Gil convirtió al Atlético de Madrid en Sociedad Anónima Deportiva, de la que era el máximo accionista, gracias a 2.000 millones de pesetas que luego la justicia descubrió que nunca abonó e incluso se presentó a las elecciones generales, donde obtuvo solo 16.452 votos, todo un batacazo.

El 7 de enero 1999 estalló el “caso camisetas” donde Gil fue encarcelado por el desvío de 450 millones de pesetas de dinero público a las arcas de su club por publicitar “Marbella” en las camisetas colchoneras. Salió de la prisión a los pocos días. A pesar de esto logró su tercera mayoría consecutiva y trece alcaldías en el sur de España.

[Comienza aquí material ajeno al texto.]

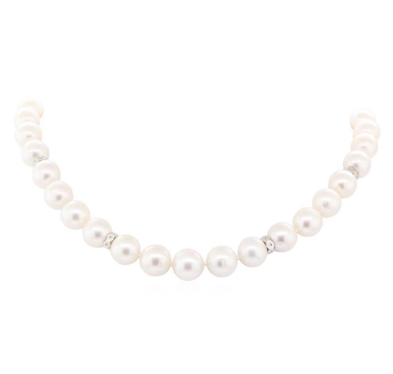 One graduated single strand pearl necklace 18.0' princess length, knotted with a tongue clasp & foldover safety containing 33 south sea cultured pearls, 12.0mm to 14.2mm in size. The pearls are white in color with a good luster, near round, and lightly blemished with excellent matching. The featured pearl necklace has a 14KT white gold rectangular art deco motif clasp and rondels. Graded on the strand.South Sea cultured pearls are farmed in the oceans surrounding Australia, Indonesia, the Philippines and the southern coast of China. The main source of Australian South Sea pearls lies in the northwest on the Kimberly coast. South Sea cultured pearls are formed in the Pinctada Maxima oyster. These pearls take between two to three years to grow and have a unique nacre due to the fast moving and clean waters of the South Seas. Three bezel set round brilliant cut diamonds, measuring 2.20 - 2.00 x 1.30mm (depth est.) approximate total weight of 3 Stones = 0.11ct. Graded in the setting. Color H - I Clarity VS-2 to SI-1 Cut Very Good One Hundred Four prong set single cut diamonds, measuring 1.20 - 1.10 x 0.71mm (depth est.) approximate total weight of 104 Stones = 0.60ct. Graded in the setting. Color G - H Clarity VS-2 to SI-2 Cut Good. Total Weight of Diamonds 0.71ct.. Total Weight of 111.40gm GAS Appraised at $22730.00. GAS Appraised.

El 22 de diciembre de 1999 el juez de la Audiencia Nacional ordena intervenir el Atlético de Madrid por desvío de fondos a su club por 9427 millones. En octubre del 2000 es cuando Gil se ve realmente acorralado, pues la Audiencia de Málaga le condena a 28 años de inhabilitación por el “caso camisetas”. En 2001 se puso la cosa aún peor con 25 imputaciones en procesos penales. Después de unos breves ingresos en prisión, el 24 de abril de 2002 dimite de alcalde y elige a su sucesor, Julián Muñoz. Un año después abandona la presidencia del Atlético. Un infarto masivo acabó con su vida en 2004.